What you eat during recovery directly affects how quickly your body clears it.
Start here: The evening and overnight basics
If you are still up on Friday night, eat a banana before you sleep.
Alcohol depletes potassium and magnesium, and a banana starts replacing both before morning arrives.
Bone broth (made from boiling beef or chicken bones, easy to find at butcheries across the city) is the other underrated fix.
A warm cup before bed delivers sodium, potassium, and glycine, an amino acid that supports liver function overnight.

Coconut water (madafu) works beautifully here too.
It is one of the most effective natural electrolyte drinks available locally, with potassium levels that rival most commercial sports drinks at a fraction of the price.
Saturday morning: Build the recovery plate
Eggs are the centrepiece, and the science backs them up.

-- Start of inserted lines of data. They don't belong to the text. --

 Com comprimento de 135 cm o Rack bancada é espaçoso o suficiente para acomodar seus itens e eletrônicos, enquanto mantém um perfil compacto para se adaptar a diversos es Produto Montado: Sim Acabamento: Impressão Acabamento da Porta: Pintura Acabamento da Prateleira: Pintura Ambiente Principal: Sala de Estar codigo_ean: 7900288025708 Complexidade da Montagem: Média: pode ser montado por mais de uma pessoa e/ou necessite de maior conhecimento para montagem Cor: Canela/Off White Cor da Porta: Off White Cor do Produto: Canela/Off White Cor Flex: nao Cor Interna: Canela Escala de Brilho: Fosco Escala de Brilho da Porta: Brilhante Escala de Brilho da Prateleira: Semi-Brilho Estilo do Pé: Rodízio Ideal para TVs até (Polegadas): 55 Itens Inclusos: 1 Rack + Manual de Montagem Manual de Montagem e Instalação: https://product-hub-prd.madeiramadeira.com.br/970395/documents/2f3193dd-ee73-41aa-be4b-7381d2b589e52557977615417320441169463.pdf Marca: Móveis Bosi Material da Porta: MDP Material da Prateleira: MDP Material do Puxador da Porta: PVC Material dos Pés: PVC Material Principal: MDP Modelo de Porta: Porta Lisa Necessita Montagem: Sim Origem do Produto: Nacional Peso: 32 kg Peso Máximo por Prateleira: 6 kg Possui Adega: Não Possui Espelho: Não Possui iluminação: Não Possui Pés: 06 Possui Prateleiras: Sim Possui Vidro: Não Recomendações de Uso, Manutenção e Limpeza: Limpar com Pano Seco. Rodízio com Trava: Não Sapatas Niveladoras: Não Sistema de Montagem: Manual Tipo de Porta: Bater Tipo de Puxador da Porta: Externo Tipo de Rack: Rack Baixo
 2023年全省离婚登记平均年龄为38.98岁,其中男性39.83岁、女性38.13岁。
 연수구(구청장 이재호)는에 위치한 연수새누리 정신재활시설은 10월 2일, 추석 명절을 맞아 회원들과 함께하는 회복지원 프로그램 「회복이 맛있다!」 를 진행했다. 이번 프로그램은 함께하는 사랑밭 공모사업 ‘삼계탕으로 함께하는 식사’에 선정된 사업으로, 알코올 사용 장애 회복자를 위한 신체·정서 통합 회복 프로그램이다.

A 2023 study published in Antioxidants by researchers at Korea University found that cysteine (an amino acid that eggs are particularly rich in) “improved alcohol-induced behaviour more effectively than the individual compounds” when it works alongside glutathione to break down acetaldehyde in the body.

Your liver uses cysteine to produce glutathione, its primary detox antioxidant, so two scrambled or boiled eggs on a Saturday morning are doing serious work.
Add avocado to the plate. Its healthy fats slow digestion and help stabilise blood sugar, which alcohol disrupts heavily, and its potassium content keeps working where the banana left off the night before.
A glass of coconut water alongside it and you have covered electrolytes, amino acids, and liver support in a single meal.
Eat slowly and drink water between bites. Give your liver the tools it needs to finish the job.